Given that 12 light bulbs are tested with 3 failing, what is the probability that both light bulbs failed the test? What about the probability that both light bulbs passed the test? And finally, what is the probability that at least one light bulb failed the test?

Final answer:

Probability in this problem is determined using the basic probability formula: 'Number of desired outcomes / Total outcomes'. The probability that both light bulbs fail is 1/22, that both light bulbs pass is 6/11, and that at least one light bulb fails is 5/11.

Explanation:

The subject of this question is Probability, which is a branch of math used to measure the likelihood of the occurrence of an event. To find probabilities, we often use the basic formula: Probability = Number of desired outcomes / Total number of outcomes.

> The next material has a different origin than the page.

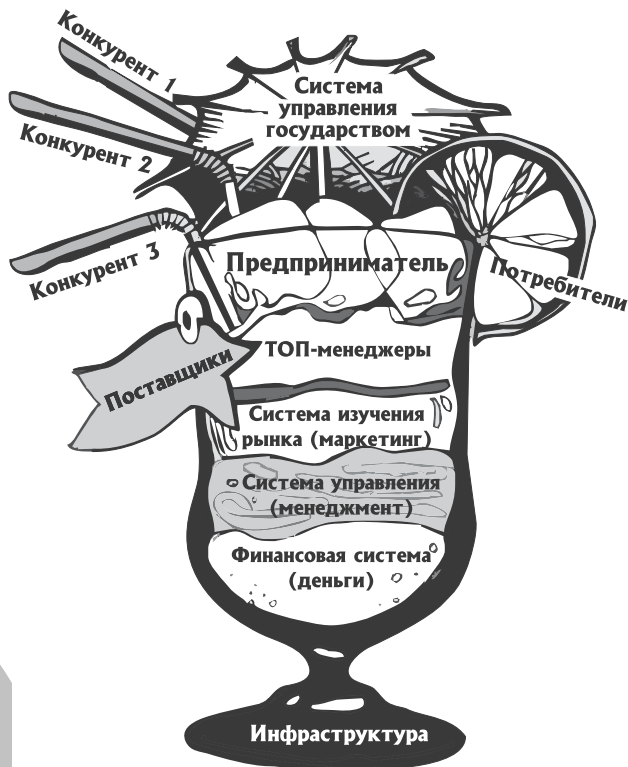
Рис. 1.4. Внутренняя и внешняя среда предпринимательства

Крупный бизнес имеет многоуровневую систему управления, развитые механизмы контроля рынка, обособленные специализированные подразделения. Например, подразделение по контролю рынка, подразделение стратегического планирования и т. д.

(a) For two randomly chosen bulbs to both be failures, we would use the above formula. There are 3 failed light bulbs out of 12. Therefore, the first bulb being a failure is 3/12 or 1/4. If one failure is removed, we are left with 2 failures out of 11 bulbs. Therefore, the second bulb being a failure is 2/11. To get the probability that both bulbs failed the test, we multiply the probability of each event: 1/4 * 2/11 = 2/44 = 1/22.

(b) To find the probability of both light bulbs passing the test, we first need to determine how many bulbs passed the test. 12 total bulbs - 3 failures = 9 successful bulbs. Therefore, the probability that the first bulb passed is 9/12 = 3/4 and the second is 8/11 (after removing one successful bulb). Therefore, the probability that both bulbs passed is 3/4 * 8/11 = 24/44 = 6/11.

(c) Finally, the probability that at least one bulb failed the test is 1 minus the probability that both bulbs passed the test, which is 1 - 6/11 = 5/11.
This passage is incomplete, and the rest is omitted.